My daughter is quiet. Her mind hums with thoughts, and hearing them is a precious occurrence. Even in her quieter nature, she grins because she gets the joke. She’ll smile and assure her brother that “daddy’s just joking.” He’s not really going to let us drive the car, and our dog doesn’t really turn into a wolf at night. 

The work of raising her is gentle and delicate, so I remind my hands to be tender. I can make her wither with just a look, and she’ll run crying to her room. And I can whisper in her ear at bedtime that I am so proud of the girl she is and watch her radiate in the darkness.  

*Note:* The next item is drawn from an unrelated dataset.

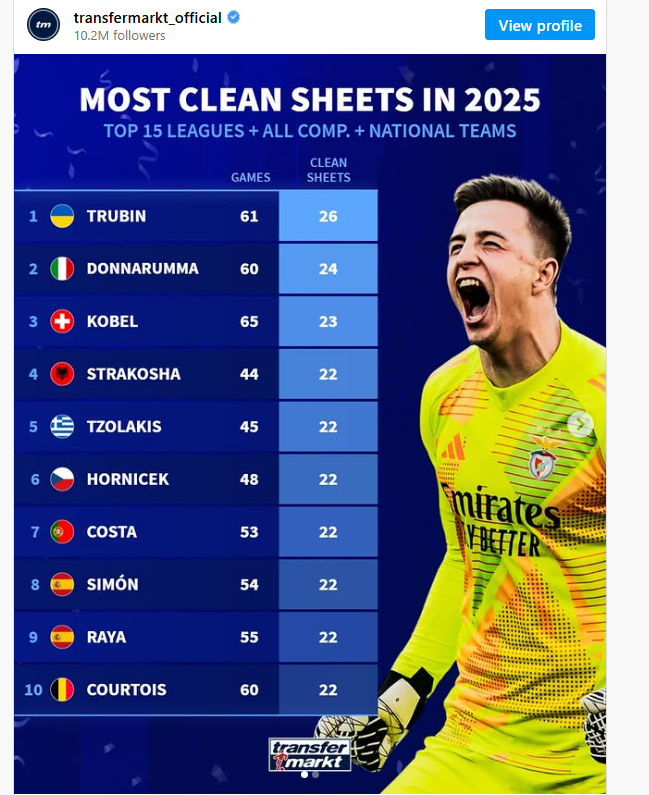 Por në të gjitha rastet, janë vetëm për shkak se kanë një numër më të madh ndeshjes. Vendi i parë që mbahet nga Trubin janë llogaritur 61 ndeshje ku në 26 takime ka mbajtur portën e paprekur. Ndërkohë Strakosha me 44 ndeshje, ka mbajtur 22 herë portën e paprekur. Nëse mban të njëjtën mesatare, do të thotë se Strakosha nëse do të kishte 61 ndeshje në dispozicion si Trubin, do të ishte padyshim vendi i parë. /Sport Ekspres/

My son is not easily corrected. He can be rough, loud, talkative. He is constantly synthesizing language, he has figured out adults find his words amusing. He describes himself as “pretty soggy wet” after he runs through rain and warns us to stay inside because “thunder’s cracking down.” If he talks himself into a bind, he’ll mumble a little to find his way out. 

He wants the world to shake around him, to walk on walls, break things, rebuild them. I shower him with affection, all the while working to break him like a wild horse–to teach him how to submit, respect authority, use his hands to build and protect, while solidifying in his core truth that can never be stolen: daddy loves you. 

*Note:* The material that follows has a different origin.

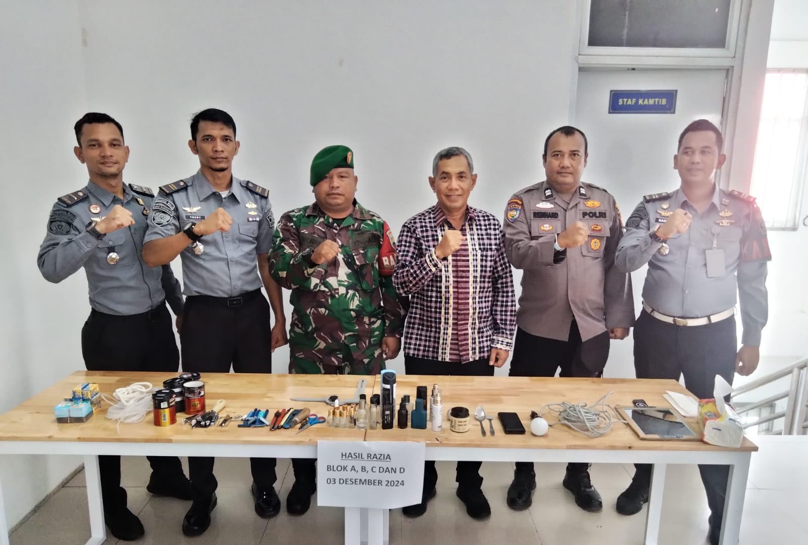 Pekanbaru – Dalam rangka menindaklanjuti Arahan 13 (tiga belas) Program Akselerasi Menteri Imigrasi dan Pemasyarakatan khususnya pada poin 1 (satu) yakni Memberantas Peredaran Narkoba dan Pelaku Penipuan dengan berbagai modus di Lapas dan Rutan, Lembaga Pemasyarakatan (Lapas) Narkotika Kelas IIB Rumbai bersinergi dengan TNI dan Polri sebagai Aparat Penegak Hukum (APH) berturut-turut menggelar razia selama sebulan pada kamar hunian warga binaan, Selasa (03/12/2024).

They are both so different and I will study them all my life.  

I believe it when others tell me to cherish this time because it goes quickly. I will never again have this opportunity to shape them to be adults who help and heal, and not hurt. The hope is I won’t look back with sorrow or regret, but with joy because I worked to be present with them, to pay attention to them. I am learning to be a father, delighting in my children.